Extracted data entries:
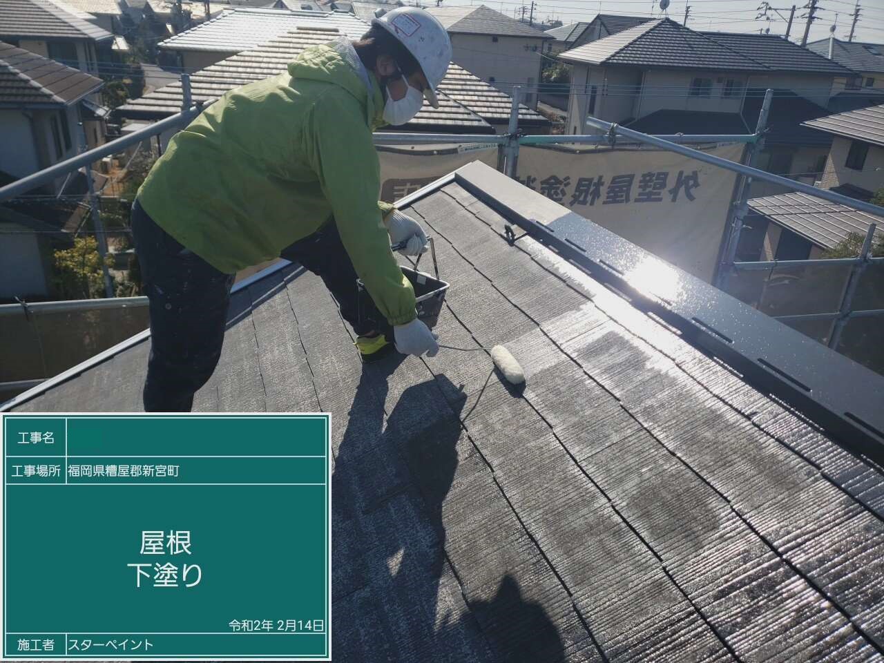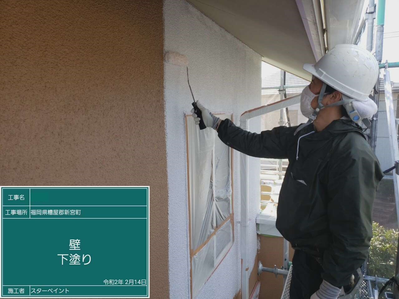 まずは下塗り。下塗りで下地と塗料を密着作用を高めます。
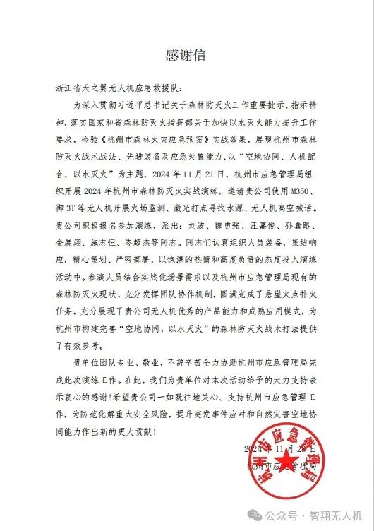 12月19日,杭州市应急管理局给浙江省天之翼无人机应急救援队发来一封感谢信,对救援队在杭州市应急管理局组织开展的2024年杭州市森林防灭火实战演练活动中,全力开展配合的相关工作给予了充分肯定,并对救援队刘波、魏勇强、汪嘉俊、孙鑫路、 金展翊、施志恒、岑超杰等同志进行表扬。在这次以“空地协同、人机配合、以水灭火”为主题的演练活动中,浙江省天之翼无人机应急救援队凭借其卓越的专业能力和无私奉献精神赢得广泛赞誉。
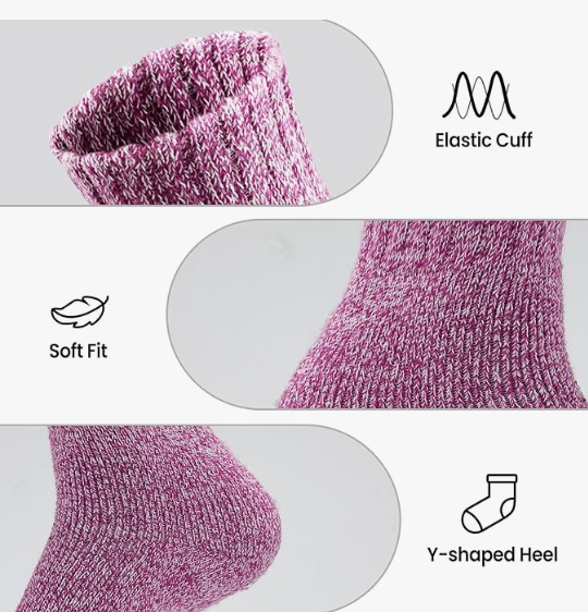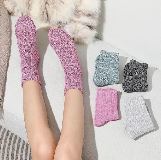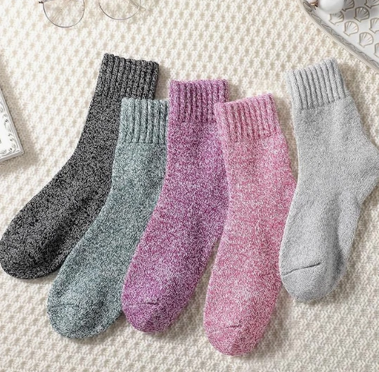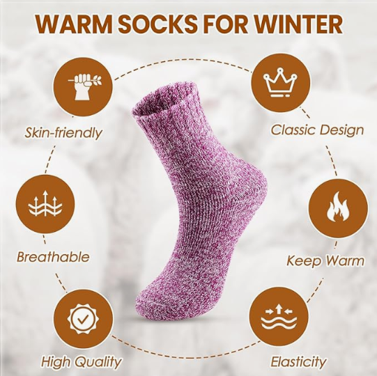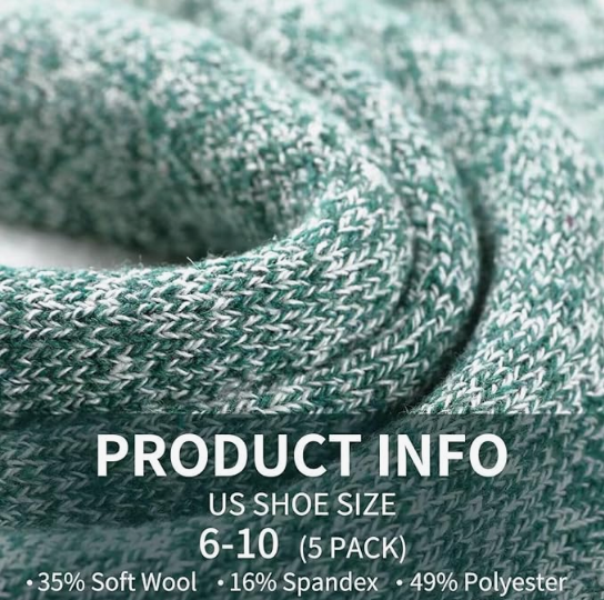 About this item High-quality Material: Made of 35% premium wool + 49% Polyester + 16% Spendex, our wool socks are super cozy, soft, breathable, wearable and doesn't deform easily, which will provide you comfortable and warm feeling during cold weather. Proper Size & Care: Our socks for women are standard US SIZE, suitable for women US shoe sizes 6 to 10. These womens wool socks with elastic material make them easy to wear and take off, and not easy to slip. Please do not iron them and suggesting wash them by hand, good wool socks require the proper care. Warm & Stylish: With classic solid colors and simple style, our warm winter socks are perfect for different occasions and coordinate with any outfits. These warm socks are good matching for all your sneakers, boots, snow boots, and sport shoes. Wear thick knit warm wool socks to keep your feet warm throughout the day. Multiple Occasions: These winter boot socks use terry-loop cushioning throughout the foot and are specifically designed for extreme weather conditions, suitable for hiking, mountaineering, outdoor camping, biking and long-term outdoor work and so on. These womens socks can provide form-fitting and warm functions even after repeated washing. It is suitable all year round. Excellent Winter Choice: These cabin socks women will be perfect presents for your girlfriend, sister, wife, mom, grandma in important holidays. Give these colorful wool socks to the woman you love to keep their feet and hearts warm throughout the cold winter.
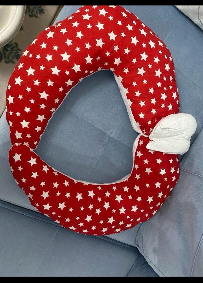 Kırmızı zemin üzerinde beyaz yıldız desenli, hamilelik ve emzirme için destek sağlayan yumuşak yastık.
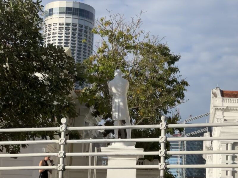 川を遡って行く途中、近代シンガポールの礎を築いた英国人ラッフルズの像の後ろ姿が見えました。
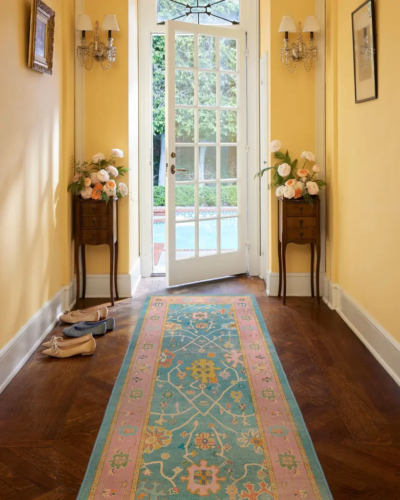 Bring the romance, without the drama, with our Regency-era Jemima Multicolor Rug. Inspired by timeless Oushak rugs, this pink-bordered, opulent design has a playful blend of bright chartreuses, reds, and oranges placed atop a warm blue background. Water-resistant, stain-resistant, and machine-washable. Rug colors may vary slightly according to your device and the lighting in your space.

WHAT THE TASK REQUIRES:
Write back word for word every line in the entries above from the one with "12月19日,杭州市应急管理" to the one with "川を遡って行く途中、近代シン", ends included, and none of the pictures.

ANSWER BOX:
 12月19日,杭州市应急管理局给浙江省天之翼无人机应急救援队发来一封感谢信,对救援队在杭州市应急管理局组织开展的2024年杭州市森林防灭火实战演练活动中,全力开展配合的相关工作给予了充分肯定,并对救援队刘波、魏勇强、汪嘉俊、孙鑫路、 金展翊、施志恒、岑超杰等同志进行表扬。在这次以“空地协同、人机配合、以水灭火”为主题的演练活动中,浙江省天之翼无人机应急救援队凭借其卓越的专业能力和无私奉献精神赢得广泛赞誉。
 About this item High-quality Material: Made of 35% premium wool + 49% Polyester + 16% Spendex, our wool socks are super cozy, soft, breathable, wearable and doesn't deform easily, which will provide you comfortable and warm feeling during cold weather. Proper Size & Care: Our socks for women are standard US SIZE, suitable for women US shoe sizes 6 to 10. These womens wool socks with elastic material make them easy to wear and take off, and not easy to slip. Please do not iron them and suggesting wash them by hand, good wool socks require the proper care. Warm & Stylish: With classic solid colors and simple style, our warm winter socks are perfect for different occasions and coordinate with any outfits. These warm socks are good matching for all your sneakers, boots, snow boots, and sport shoes. Wear thick knit warm wool socks to keep your feet warm throughout the day. Multiple Occasions: These winter boot socks use terry-loop cushioning throughout the foot and are specifically designed for extreme weather conditions, suitable for hiking, mountaineering, outdoor camping, biking and long-term outdoor work and so on. These womens socks can provide form-fitting and warm functions even after repeated washing. It is suitable all year round. Excellent Winter Choice: These cabin socks women will be perfect presents for your girlfriend, sister, wife, mom, grandma in important holidays. Give these colorful wool socks to the woman you love to keep their feet and hearts warm throughout the cold winter.
 Kırmızı zemin üzerinde beyaz yıldız desenli, hamilelik ve emzirme için destek sağlayan yumuşak yastık.
 川を遡って行く途中、近代シンガポールの礎を築いた英国人ラッフルズの像の後ろ姿が見えました。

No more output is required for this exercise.